Given these assumed average annual rates of reduction, the actual projections of death rates are constructed on the basis of a consistent set of cause-specific ultimate rates of reduction. Toward this end, death rates for the years 1979-1999 were calculated and analyzed by age group and sex for the following seven groups of causes of death, based on the Tenth Revision of the International List of Diseases and Causes of Death code numbers:

Average annual percentage reductions in cause-specific death rates were calculated as the complement of the exponential of the slope of the least-squares line through the logarithms of the central death rates, multiplied by 100 to convert to percent form, and are given in Table 2. The sharpest reductions for the 1979 to 1999 period were in the categories of Heart Disease, averaging 2.1 percent and Vascular Disease, which averaged about 2.3 percent reduction per year. Violence averaged 1.1 percent reduction per year.

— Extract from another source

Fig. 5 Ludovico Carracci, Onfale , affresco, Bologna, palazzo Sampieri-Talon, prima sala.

On the other hand, Cancer, Respiratory Disease, Diabetes Mellitus and the residual group of Other Causes actually averaged an increase of about 0.2 to 2.0 percent per year.

Ultimate annual percentage reductions in central death rates by sex, age group, and cause of death were postulated for years after 2026. The broad age groups for which specific rates of reduction were selected are: under age 15, ages 15-49, ages 50-64, ages 65-84, and age 85 and older. The postulated ultimate annual percentage reductions are shown in Table 3.

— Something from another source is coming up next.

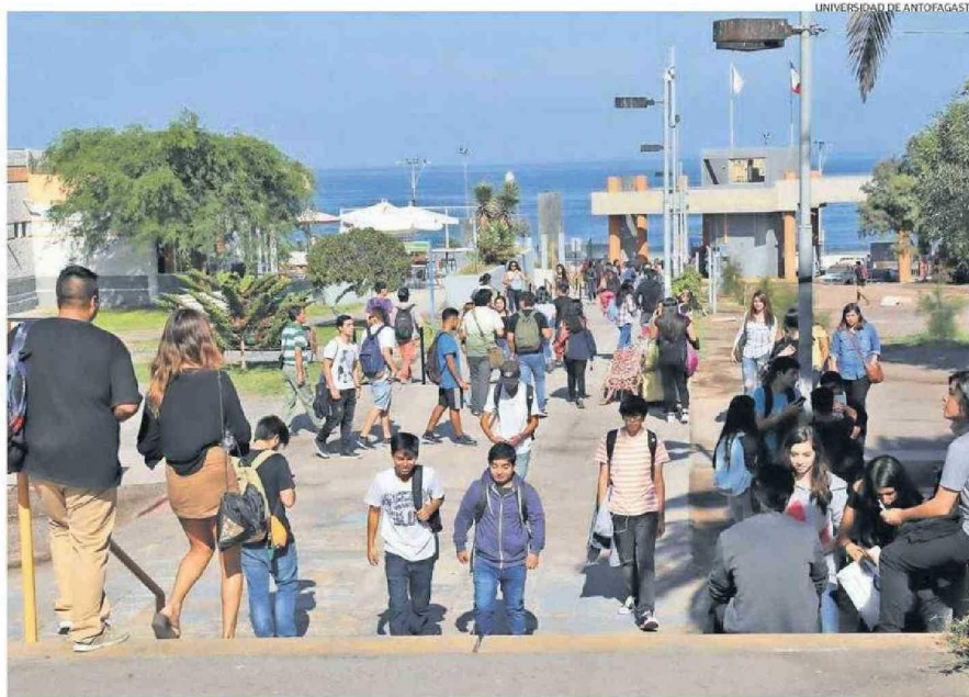
LA POBLACIÓN DE LA REGIÓN DE ANTOFAGASTA SE ACERCA A LOS 30 MIL ESTUDIANTES APROXIMADAMENTE.

Hay otro antecedente comentado, está es una de las generaciones mejor formadas en términos de años de estudio. Hoy, casi todas las autoridades relevantes, pasaron por una institución de educación supe-

Annual reductions in mortality by age, sex, and cause from 1999 to 2000 and from 2000 to 2001, were assumed to equal the average annual reductions observed for the period 1979-1999. For years after 2001, the reductions in mortality were assumed to change from initial levels of 100 percent of the average annual reductions observed for the period 1979-1999, to the postulated ultimate percentage reductions shown in Table 3, whenever these initial rates of reduction were positive. However, if the initial rates of reduction for a specific age, sex, and cause group was negative, the initial level was assumed to be 75 percent of the 1979-1999 average annual reduction. The postulated ultimate percentage reductions were assumed to apply after the year 2026. Tables 4a and 4b show historical and projected age-adjusted central death rates by cause of death and sex for the period 1979-2100.

Even though ultimate annual percentage reductions in central death rates are postulated for the seven causes listed in Table 3, the resulting percentage reduction in age-adjusted central death rates for all causes combined are carefully reviewed, analyzed, and adjusted to assure consistency with the overall assumed rates of reduction. For each age and sex group, the decomposition of the percentage reduction by causes also provides a useful tool to test the reasonableness of the overall reduction.